Ministerie van Onderwijs, Cultuur en Wetenschap
De Voorzitter van de Tweede Kamer der Staten-Generaal
Postbus 20018
2500 EA DEN HAAG
Den Haag Ons kenmerk
11 maart 2008 VO/B&B/08/7270
Onderwerp
Reactie op vragen uit eerste termijn van de plenaire
behandeling van wetsvoorstel "gratis lesmateriaal"

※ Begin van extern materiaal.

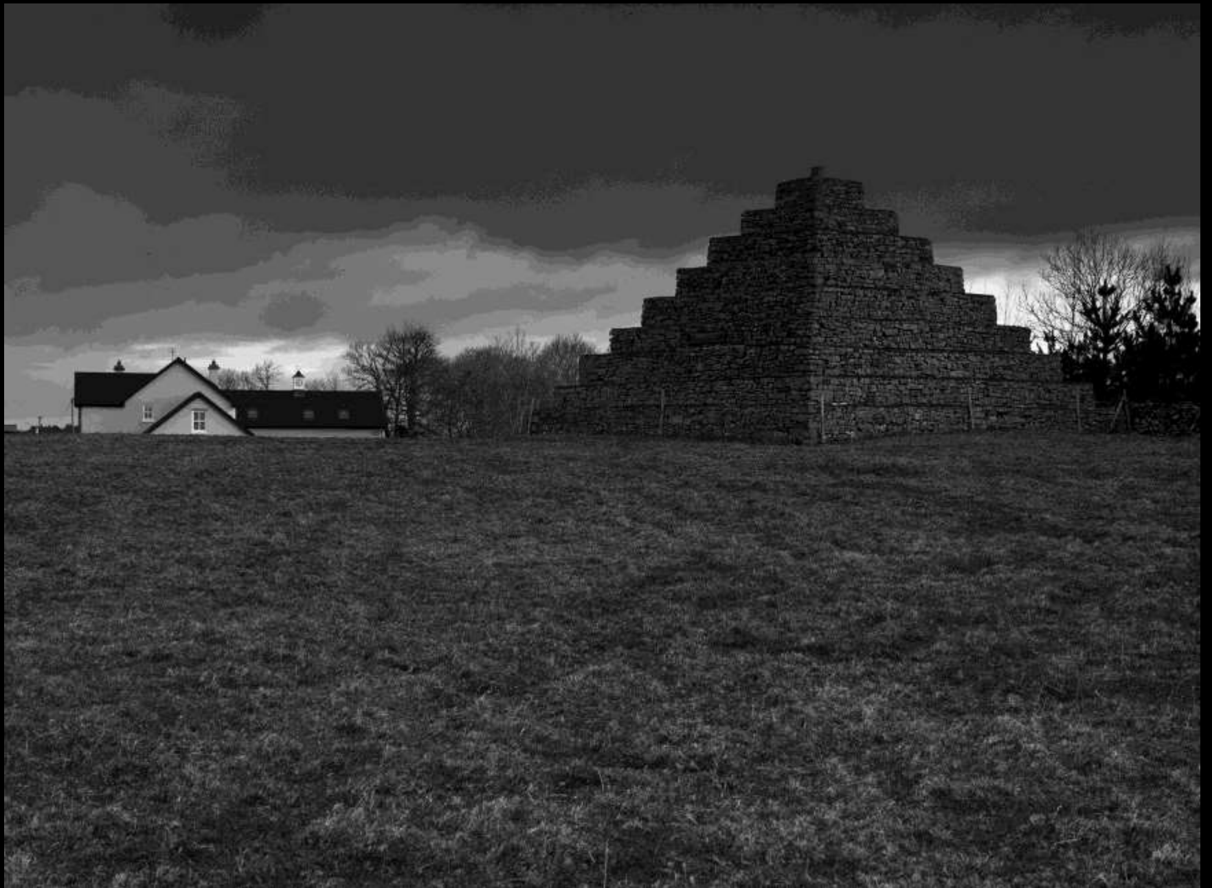
"The Pyramid of The Neale" (Architectural folly), Cong, County Mayo
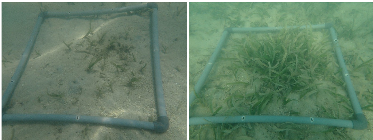
Figure 3: Seagrass recovery in the restoration site after five months of transplantation (left in Beravy and right in Ifaty) © BEVA Grilante.
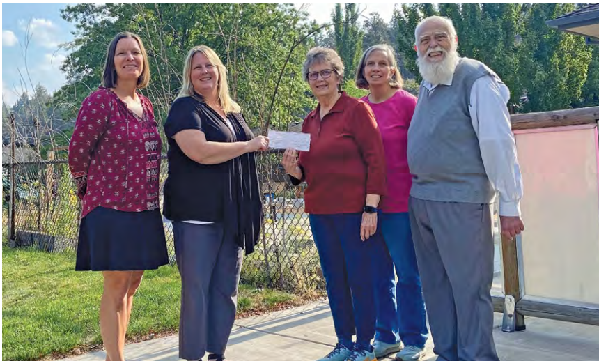
K.I.D.S CHECK PRESENTATION | PHOTO COURTESY OF FAMILY ACCESS NETWORK
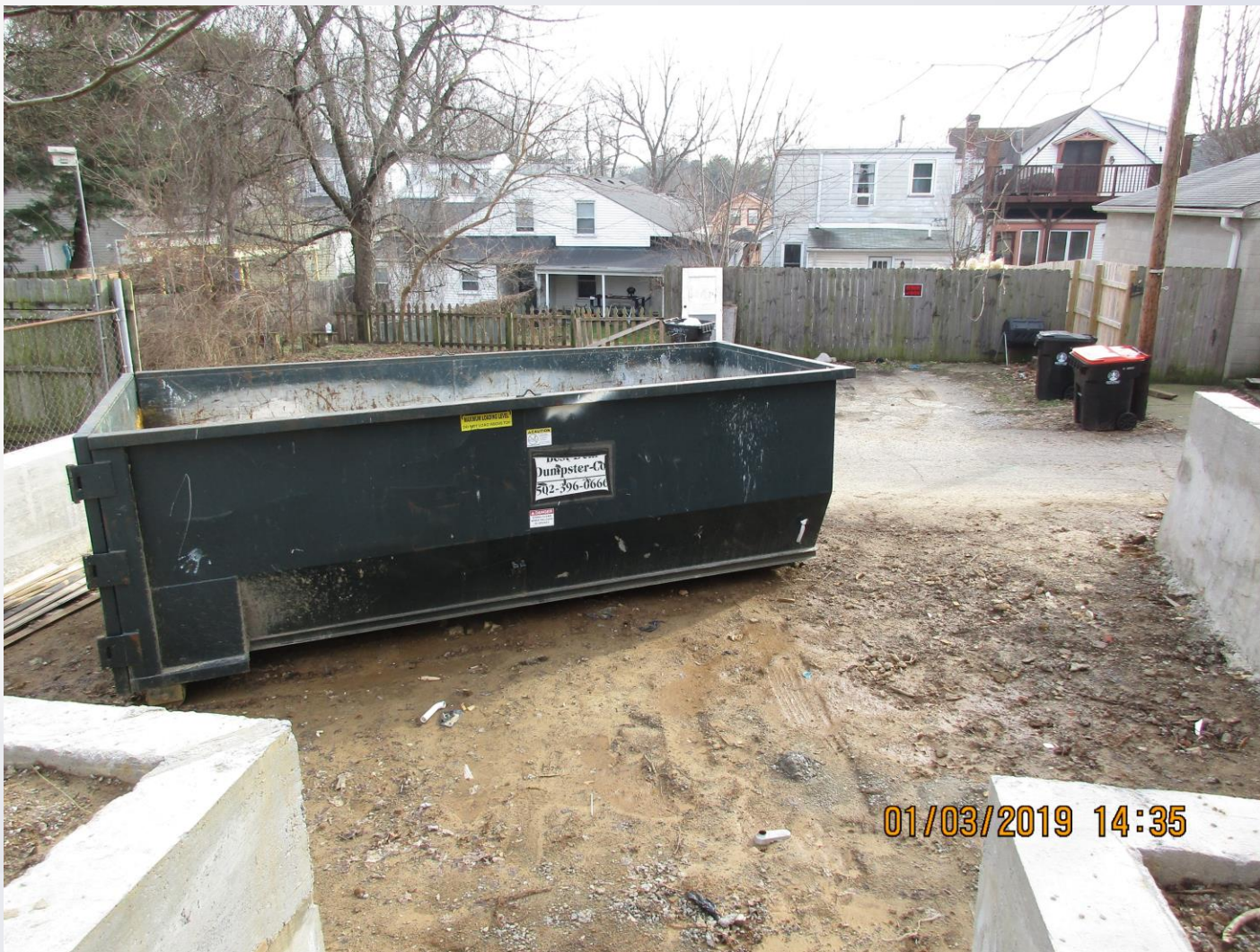
Rear Parking Area
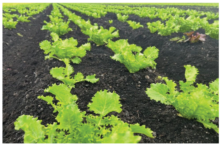
Figure 1. Escarole field in the Everglades Agricultural Area in southern Florida cultivated in rich, organic "muck" soils.

In Florida, these leafy vegetables are planted in the Everglades Agricultural Area in southern Florida from October to March and harvested throughout that time. Escarole and endive grow as rosettes similar to leaf lettuce (Figures 1 and 2). Both leafy vegetables are available to consumers in the winter months. This publication aims to create awareness of endive and escarole production in Florida; it is designed for consumers, growers, Extension faculty, and students.
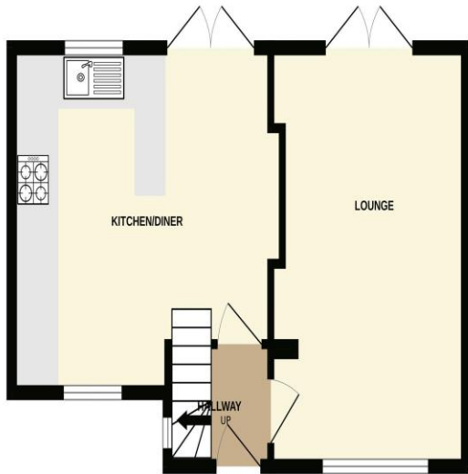
GROUND FLOOR 399 sq.ft. (37.0 sq.m.) approx.
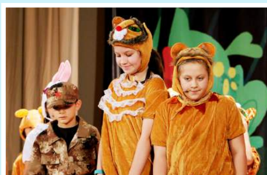
英語話劇 English Drama
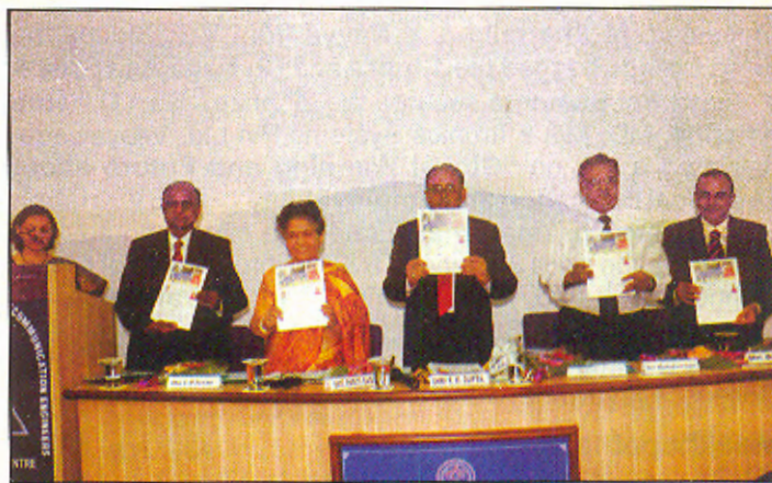
Release of the Newsletter during the Regional Seminar
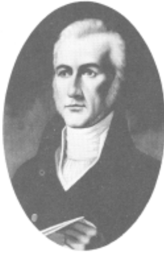
William R. Davie. Grand Master of N.C. Masons, 1792-1799, hero of the Revolutionary War, "father" of the University of N.C., Governor of N.C. 1798-1799.

magnificent war-record as a former cavalry colonel in the North Carolina Line, a wounded veteran of the Battle of Stono Ferry and other key engagements. 3 He had been a delegate to the Constitutional Convention in Philadelphia in 1787 when he was one of the warmest and most out-spoken advocates of the Federal Constitution. He had also represented the borough of Halifax since 1786 in the state legislature where he proved his mettle as a political tactician and a statesman. 4
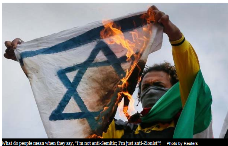
What do people mean when they say, "I'm not anti-Semitic; I'm just anti-Zionist"?

Since the beginning of the Gaza war, many Jews in Israel and the Diaspora have been shocked by the virulent anti-Zionism - also known as anti-Israelism - that has exploded online. Extending far beyond the legitimate act of critiquing Israel's wartime decisions, many recent blogs and social media posts have been full of hatred toward Zionism, Zionists and Israel. Because of this, some Israeli and Diaspora Jews feel that what were once friendly online social spaces for them have now become unpleasant, threatening, even unsafe. One woman blogged about how, in order to cope with this, she had "unfriended" many of her Facebook "friends."
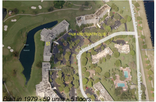
Built in 1979 - 59 units - 5 floors
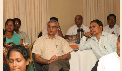
Participants - from India and Nepal
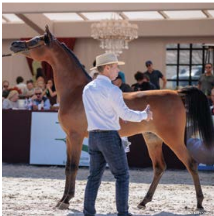
Gold Young Colt - Keanu LA
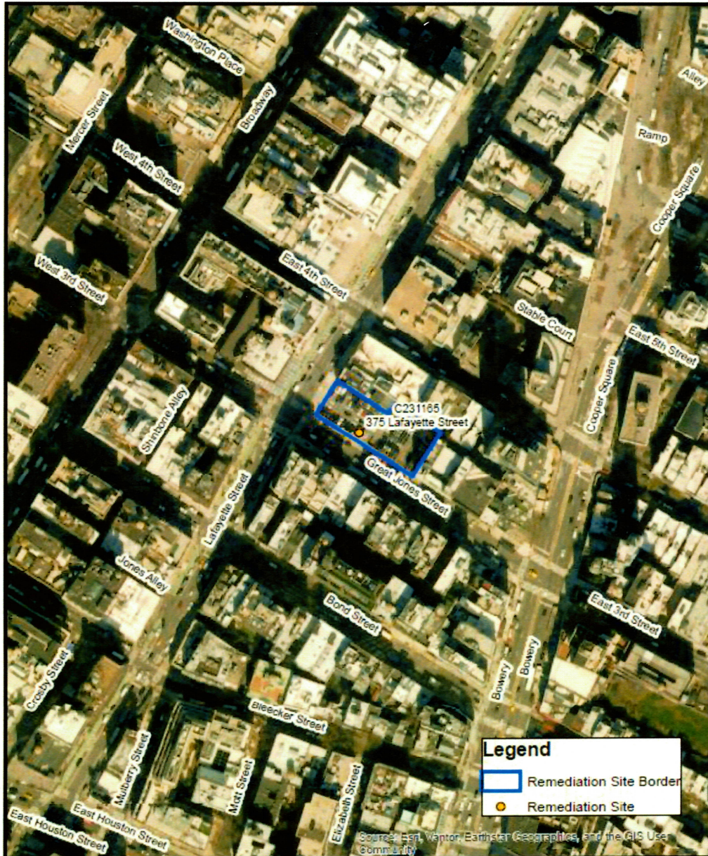
Site Map Site No. C231165 375 Lafayette Street New York, NY

Vorige week heeft uw Kamer het Voorstel van wet houdende wijziging van diverse onderwijswetten in
verband met het door de scholen om niet ter beschikking stellen van lesmateriaal aan de leerlingen in
het voortgezet onderwijs (31 325) in eerste termijn behandeld.
Met dit wetsvoorstel beoogt het kabinet de kosten voor ouders met schoolgaande kinderen
aanmerkelijk te verlagen. Tegelijkertijd wordt een impuls gegeven om de schoolboekenmarkt beter te
laten functioneren: het bepalen en betalen wordt in één hand gebracht.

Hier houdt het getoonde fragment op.